Top of Data to use
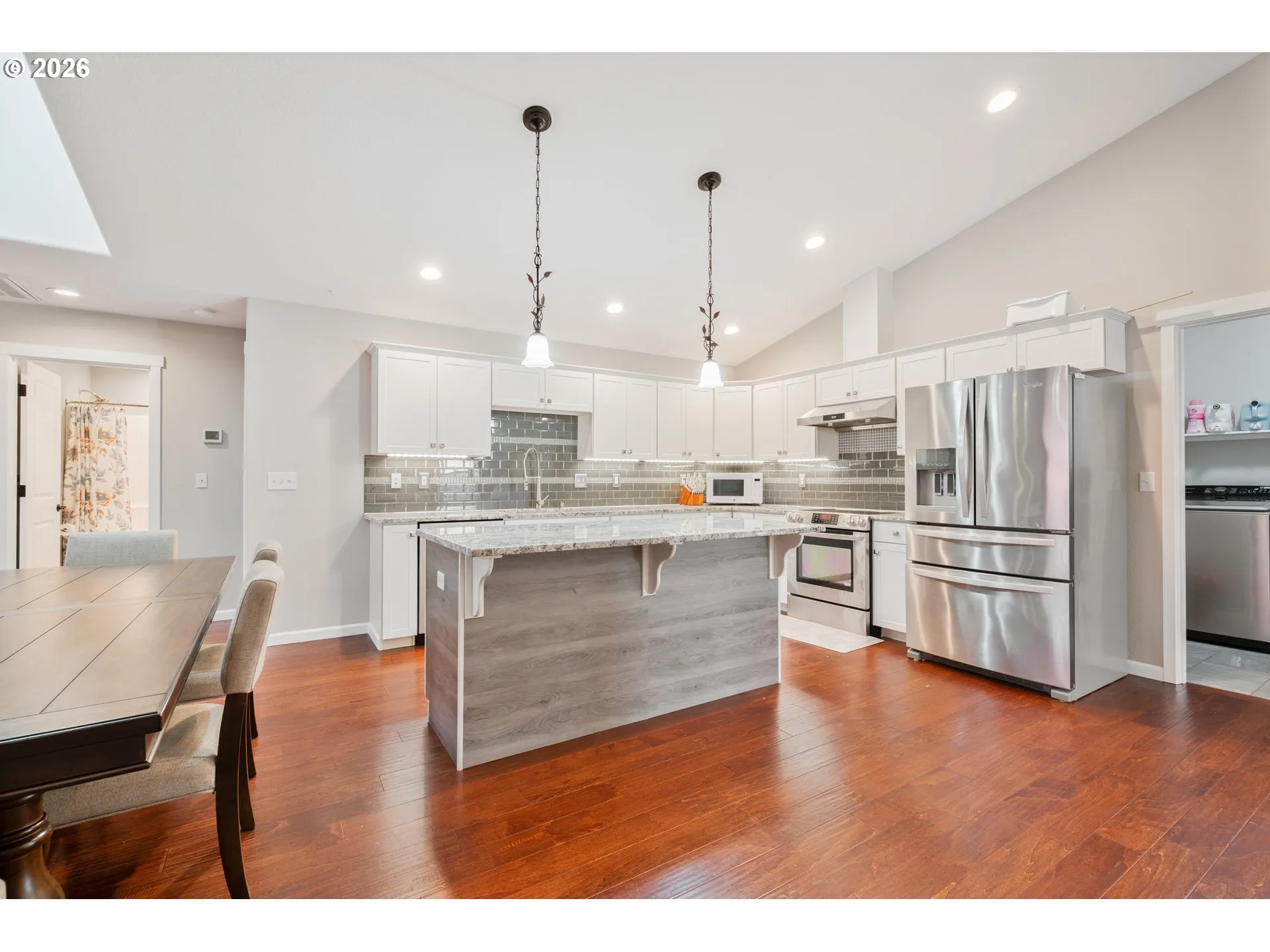 Welcome home to this beautifully maintained newer construction 3-bedroom, 2-bath featuring a great room concept with an additional vaulted front living room that adds space and charm. The custom kitchen is a true standout with granite countertops, stainless steel appliances, a massive island perfect for entertaining, and upgraded pull-out cabinetry for maximum storage and functionality.The spacious primary suite features a walk-in closet, double sinks, and a tiled walk-in shower. Cozy up in the living room next to the propane fireplace, or step outside to enjoy the fully fenced backyard complete with a covered patio—perfect for year-round outdoor living.Additional highlights include an oversized driveway with room for RV parking, a storage shed, and a low-maintenance yard ideal for easy living. This home checks all the boxes—don’t miss your opportunity to make it yours!
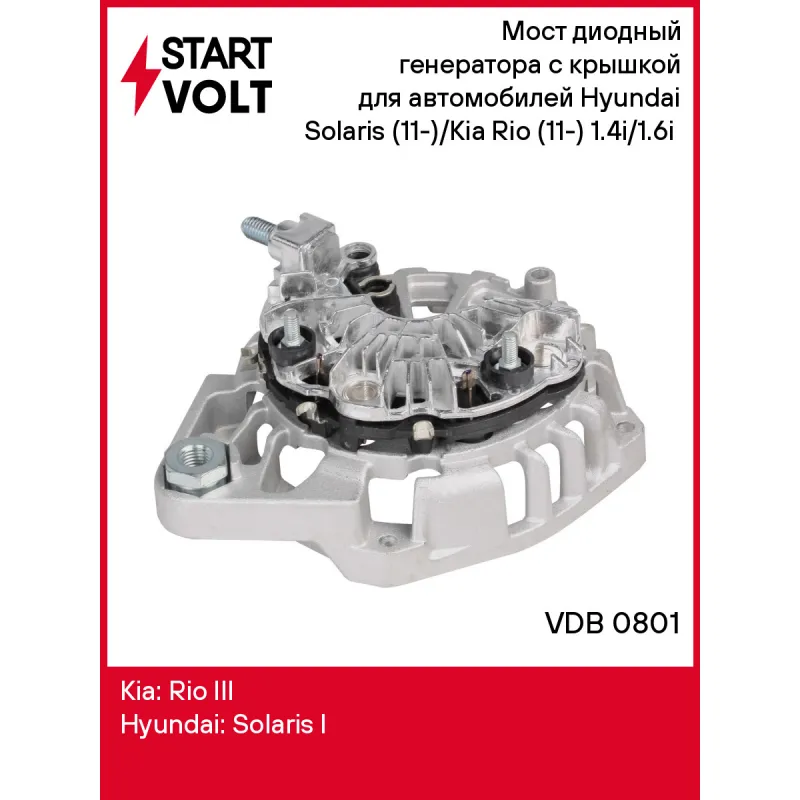 Мост диодный генератора с крышкой для автомобилей Hyundai Solaris (11-)/Kia Rio (11-) 1.4i/1.6i (с крышкой) Характеристики: Артикул: VDB 0801 OEM номера: 37360-2B100, 332022 Сила тока диода, А: 35 Количество на автомобиль: 1 Длина болта B+: 13.5 Количество клемм к статору: 3 Номинальное напряжение, В: 14 Количество диодов: 6 Размер резьбы болта B+: М8 Подходит для авто: Kia Rio III (11-) Hyundai Solaris I (10-) Для проверки применяемости отправьте VIN автомобиля через вкладку "Есть вопросы о товаре?" Комплектация: Мост диодный генератора в сборе с крышкой - 1 шт Паспорт изделия/гарантийный талон - 1 шт Гарантия: от 1 года.
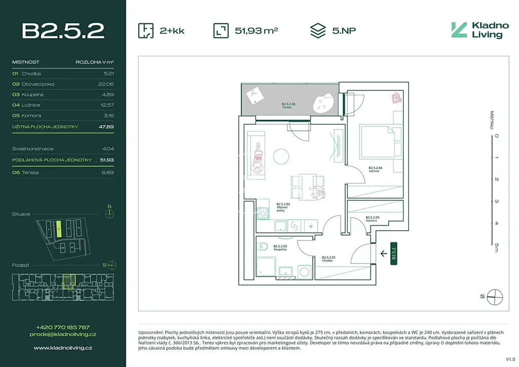 Nabízíme ke koupi moderní byt 2+kk o podlahové ploše 51,9 m² s terasou 6,9 m² v rezidenčním projektu Kladno Living, který vzniká v jedné z nejatraktivnějších lokalit města Kladno – Kročehlavy. Tento nový developerský projekt představuje jedinečnou příležitost pro ty, kteří hledají nové byty v Kladně nebo investici do nemovitosti s vysokým potenciálem zhodnocení.
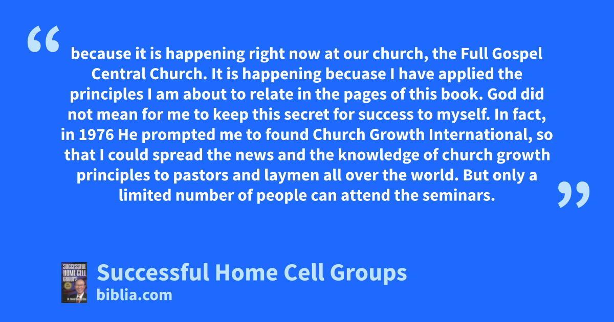 because it is happening right now at our church, the Full Gospel Central Church. It is happening becuase I have applied the principles I am about to relate in the pages of this book. God did not mean for me to keep this secret for success to myself. In fact, in 1976 He prompted me to found Church Growth International, so that I could spread the news and the knowledge of church growth principles to pastors and laymen all over the world. But only a limited number of people can attend the seminars.
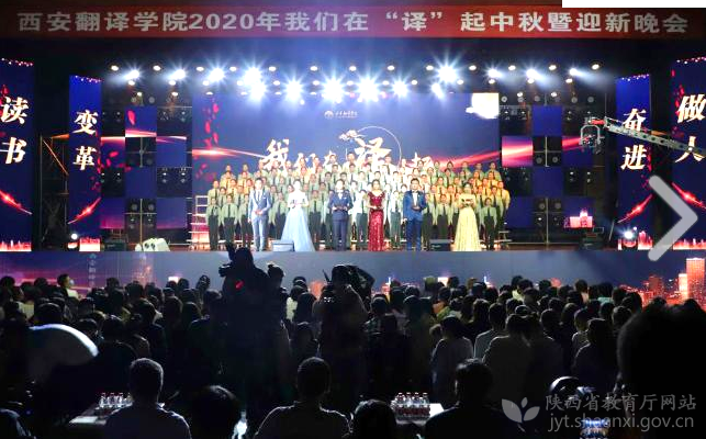 【西安翻译学院】9月29日晚,该院举办了我们在“译”起——2020年中秋暨迎新晚会。学院全体院领导出席本次晚会,与全院3万余名师生感受终南文化,共庆中庆佳节。学院董事长丁晶深情寄语师生,她希望大家不忘初心、乘风破浪,不断提高自身综合素质,谱写属于自己的奋斗画卷,抒写美丽西译的精彩华章,为实现中华民族伟大复兴贡献力量。晚会期间,执行董事崔智林、院长韩江水、党委书记李虎成为大家现场分发月饼,共叙团圆。军训三营演唱的《我和我的祖国》《走向复兴》中拉开帷幕,他们身着统一的制服,用激情澎湃的歌声,展现出西译学子昂扬向上的风采和朝气蓬勃的面貌;歌舞《Dynamite》,举手投足间无不传递出大学生的蓬勃朝气与欢快热闹的节日氛围;舞蹈《2020 春》,一个关于白衣天使无畏守护的故事温情上映,舞者一颦一笑间饱含真挚情感,身形变换中带领在场观众重温抗“疫”之路,在节日欢乐之余收获满满感动。台上节目精彩纷呈,场下掌声欢笑不断。此次晚会由院团委全新编排,围绕抗击疫情、实现中华民族伟大复兴的第一个百年目标等内容展开,以“中秋月西译情”为主题,内容以情感人,节目形式多样,内容积极向上,富有时代感。以歌颂祖国、褒扬全院在33年教育教学中涌现出来的先进人物和典型事迹为基调,展现了全校西译师生昂扬向上的精神面貌,进一步凝聚正能量、提振精气神。晚会洋溢着一派欢乐、祥和的气象,为广大师生奉献了一场精彩的终南中秋文化盛宴。
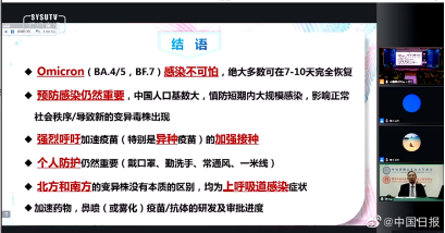 鐘南山院士總結了兩年多來抗疫取得的成就,系統地分析了全國范圍和第二波奧密克戎疫情的特點,介紹奧密克戎的生物學特征、致病性以及如何科學地防范病毒。同時對于加強個人防護提出了8條建議:即加強防護(戴口罩、保持距離、減少公眾聚集等);不應為感染而害怕;大多數感染者不需要去醫院;居家注意常做抗原檢測;若持續發熱一定要去醫院;患一般慢性病的老年人也要打疫苗;囤藥沒有太大必要;“老藥新用”要經嚴格實驗。
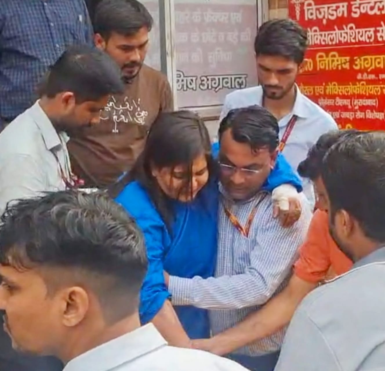 स्कूली बस की टक्कर से घायल बैंक क्लर्क श्रेया को उपचार के लिए अस्पताल ले जाते स्वजन व सहकर्मी।
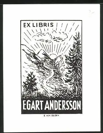 Exlibris Egart Andersson, Gebirgsmassiv mit Sonnenaufgang
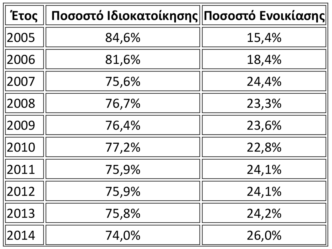 Από το 2005 έως σήμερα, η ιδιοκατοίκηση έχει μειωθεί πάνω από 17 ποσοστιαίες μονάδες.
Bottom of Data to use
### Exercise goal
Output the lines above in full and exactly. Leave out every picture.

### Task output
 Welcome home to this beautifully maintained newer construction 3-bedroom, 2-bath featuring a great room concept with an additional vaulted front living room that adds space and charm. The custom kitchen is a true standout with granite countertops, stainless steel appliances, a massive island perfect for entertaining, and upgraded pull-out cabinetry for maximum storage and functionality.The spacious primary suite features a walk-in closet, double sinks, and a tiled walk-in shower. Cozy up in the living room next to the propane fireplace, or step outside to enjoy the fully fenced backyard complete with a covered patio—perfect for year-round outdoor living.Additional highlights include an oversized driveway with room for RV parking, a storage shed, and a low-maintenance yard ideal for easy living. This home checks all the boxes—don’t miss your opportunity to make it yours!
 Мост диодный генератора с крышкой для автомобилей Hyundai Solaris (11-)/Kia Rio (11-) 1.4i/1.6i (с крышкой) Характеристики: Артикул: VDB 0801 OEM номера: 37360-2B100, 332022 Сила тока диода, А: 35 Количество на автомобиль: 1 Длина болта B+: 13.5 Количество клемм к статору: 3 Номинальное напряжение, В: 14 Количество диодов: 6 Размер резьбы болта B+: М8 Подходит для авто: Kia Rio III (11-) Hyundai Solaris I (10-) Для проверки применяемости отправьте VIN автомобиля через вкладку "Есть вопросы о товаре?" Комплектация: Мост диодный генератора в сборе с крышкой - 1 шт Паспорт изделия/гарантийный талон - 1 шт Гарантия: от 1 года.
 Nabízíme ke koupi moderní byt 2+kk o podlahové ploše 51,9 m² s terasou 6,9 m² v rezidenčním projektu Kladno Living, který vzniká v jedné z nejatraktivnějších lokalit města Kladno – Kročehlavy. Tento nový developerský projekt představuje jedinečnou příležitost pro ty, kteří hledají nové byty v Kladně nebo investici do nemovitosti s vysokým potenciálem zhodnocení.
 because it is happening right now at our church, the Full Gospel Central Church. It is happening becuase I have applied the principles I am about to relate in the pages of this book. God did not mean for me to keep this secret for success to myself. In fact, in 1976 He prompted me to found Church Growth International, so that I could spread the news and the knowledge of church growth principles to pastors and laymen all over the world. But only a limited number of people can attend the seminars.
 【西安翻译学院】9月29日晚,该院举办了我们在“译”起——2020年中秋暨迎新晚会。学院全体院领导出席本次晚会,与全院3万余名师生感受终南文化,共庆中庆佳节。学院董事长丁晶深情寄语师生,她希望大家不忘初心、乘风破浪,不断提高自身综合素质,谱写属于自己的奋斗画卷,抒写美丽西译的精彩华章,为实现中华民族伟大复兴贡献力量。晚会期间,执行董事崔智林、院长韩江水、党委书记李虎成为大家现场分发月饼,共叙团圆。军训三营演唱的《我和我的祖国》《走向复兴》中拉开帷幕,他们身着统一的制服,用激情澎湃的歌声,展现出西译学子昂扬向上的风采和朝气蓬勃的面貌;歌舞《Dynamite》,举手投足间无不传递出大学生的蓬勃朝气与欢快热闹的节日氛围;舞蹈《2020 春》,一个关于白衣天使无畏守护的故事温情上映,舞者一颦一笑间饱含真挚情感,身形变换中带领在场观众重温抗“疫”之路,在节日欢乐之余收获满满感动。台上节目精彩纷呈,场下掌声欢笑不断。此次晚会由院团委全新编排,围绕抗击疫情、实现中华民族伟大复兴的第一个百年目标等内容展开,以“中秋月西译情”为主题,内容以情感人,节目形式多样,内容积极向上,富有时代感。以歌颂祖国、褒扬全院在33年教育教学中涌现出来的先进人物和典型事迹为基调,展现了全校西译师生昂扬向上的精神面貌,进一步凝聚正能量、提振精气神。晚会洋溢着一派欢乐、祥和的气象,为广大师生奉献了一场精彩的终南中秋文化盛宴。
 鐘南山院士總結了兩年多來抗疫取得的成就,系統地分析了全國范圍和第二波奧密克戎疫情的特點,介紹奧密克戎的生物學特征、致病性以及如何科學地防范病毒。同時對于加強個人防護提出了8條建議:即加強防護(戴口罩、保持距離、減少公眾聚集等);不應為感染而害怕;大多數感染者不需要去醫院;居家注意常做抗原檢測;若持續發熱一定要去醫院;患一般慢性病的老年人也要打疫苗;囤藥沒有太大必要;“老藥新用”要經嚴格實驗。
 स्कूली बस की टक्कर से घायल बैंक क्लर्क श्रेया को उपचार के लिए अस्पताल ले जाते स्वजन व सहकर्मी।
 Exlibris Egart Andersson, Gebirgsmassiv mit Sonnenaufgang
 Από το 2005 έως σήμερα, η ιδιοκατοίκηση έχει μειωθεί πάνω από 17 ποσοστιαίες μονάδες.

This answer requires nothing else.